## Exercise input
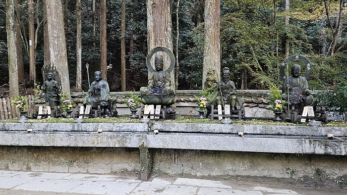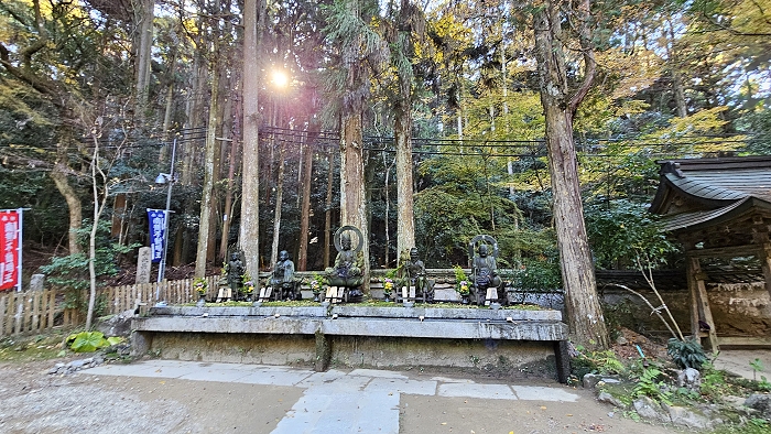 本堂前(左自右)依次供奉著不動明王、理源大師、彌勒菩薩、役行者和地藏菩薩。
==
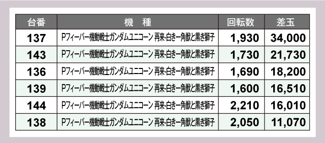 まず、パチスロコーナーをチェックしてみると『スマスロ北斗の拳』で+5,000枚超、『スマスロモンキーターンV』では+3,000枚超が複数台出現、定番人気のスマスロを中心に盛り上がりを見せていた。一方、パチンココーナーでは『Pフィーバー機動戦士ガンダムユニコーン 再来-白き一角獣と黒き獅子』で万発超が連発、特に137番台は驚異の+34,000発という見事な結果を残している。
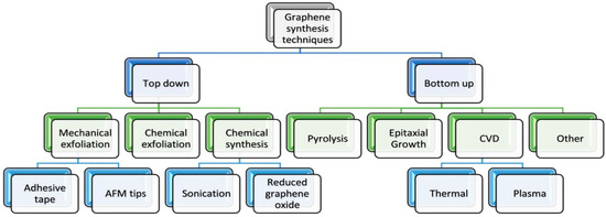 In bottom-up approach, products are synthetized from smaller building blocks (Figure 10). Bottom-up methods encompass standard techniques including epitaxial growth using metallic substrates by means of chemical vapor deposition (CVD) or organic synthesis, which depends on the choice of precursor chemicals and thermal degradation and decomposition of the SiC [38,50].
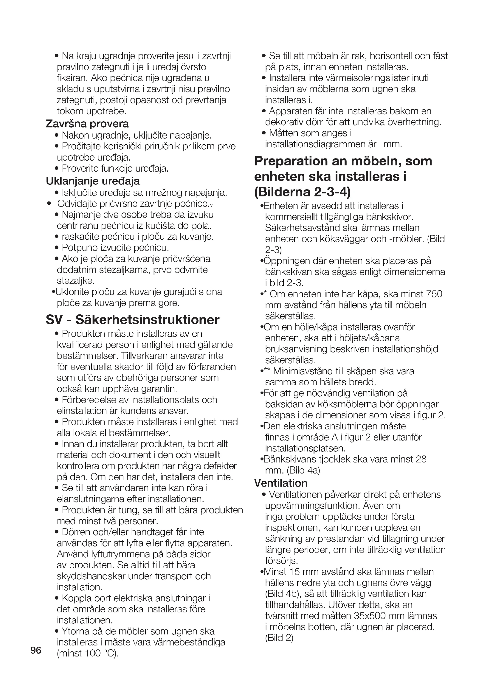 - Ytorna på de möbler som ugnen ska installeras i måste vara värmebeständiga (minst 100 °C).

## Your assignment
Starting at the line containing "まず、パチスロコーナーをチェ" and stopping at the line containing "- Ytorna på", output each line exactly as it appears above. Leave out the pictures.

## Answer for this exercise
 まず、パチスロコーナーをチェックしてみると『スマスロ北斗の拳』で+5,000枚超、『スマスロモンキーターンV』では+3,000枚超が複数台出現、定番人気のスマスロを中心に盛り上がりを見せていた。一方、パチンココーナーでは『Pフィーバー機動戦士ガンダムユニコーン 再来-白き一角獣と黒き獅子』で万発超が連発、特に137番台は驚異の+34,000発という見事な結果を残している。
 In bottom-up approach, products are synthetized from smaller building blocks (Figure 10). Bottom-up methods encompass standard techniques including epitaxial growth using metallic substrates by means of chemical vapor deposition (CVD) or organic synthesis, which depends on the choice of precursor chemicals and thermal degradation and decomposition of the SiC [38,50].
 - Ytorna på de möbler som ugnen ska installeras i måste vara värmebeständiga (minst 100 °C).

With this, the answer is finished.